Steam Core is the only item in the game that the player cannot create (nor destroy, luckily), but must be found from scouting. Typically they are found by exploring nodes, but if you set up an Outpost in Tesla City in A New Home, you can receive 1 Steam Core per day. Cores are refunded whenever their building is deconstructed.

Steam Cores are always usable for two important primary purposes: the creation of Automatons and the building of advanced structures, including certain resource methods and the Infirmary and Factory. In some scenarios, certain events will also give you the choice of sacrificing a Steam Core in exchange for a powerful positive outcome or may be required by the scenario to progress.

Out of the four main resource types, Coal, Wood, Steel, and Raw Food, Steel is the only one that does not have a Steam Core building and never requires Steam Cores. The rest all have one line - the Coal Mine, Wall Drill, and Hothouses. There are however infinite alternatives for Coal and Food in Coal Thumpers and Hunters' Huts, but they do require more workforce to achieve the same resource rates as results. This does give the Hothouse an advantage at the start of a game before Hunting research takes effect; and the Steam Coal Mine is also one of the most efficient ways to produce Coal with strong upgrades. However, with the availability of alternatives and enough workers, Steam Core buildings may therefore not always be required. Wood is the only resource that truly needs a dedicated Steam Core to continue infinite production, although dead trees for use in the much cheaper Sawmill are usually quite plentiful. As constructing upgraded buildings also consumes a Steam Core, bear in mind that upgrades primarily delivers worker and space/slot efficiency, rather than increased production per core. If the goal is simply to use all Steam Cores, the player can often simply place more buildings rather than upgrading them until available spaces have been used, and save the technology time. The exception is the Steam Coal Mine, which becomes significantly more efficient as a "Level 2" upgrade.

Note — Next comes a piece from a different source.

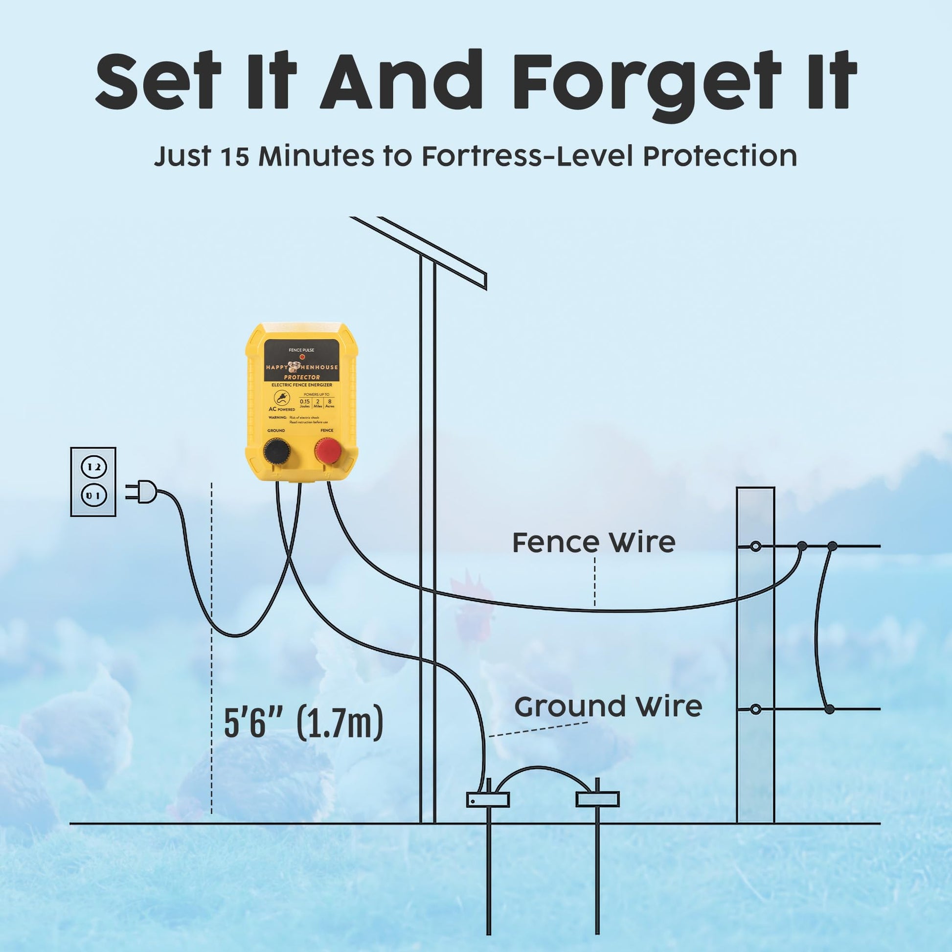 POWERFUL PLUG-IN POWER. CHICKENS SLEEP SOUND, GARDENS STAY YOURS - Steady 110V AC power runs your netting or wire fence day and night—no sun or batteries. A cost-effective alternative to solar with safe, pulsed deterrent built in.

Out of the main medical buildings, the Infirmary has a significant advantage over Medical Posts in terms of patient capacity and heal/cure speed, and can also natively cure Gravely Ill patients, even without Radical Treatment. However, there are alternatives. With Faith laws, the House of Healing may be used to heal the Gravely Ill and also has a large capacity. And if there are enough Engineers and space available or few citizens are getting sick due to cold, it is quite acceptable to just place more Posts instead.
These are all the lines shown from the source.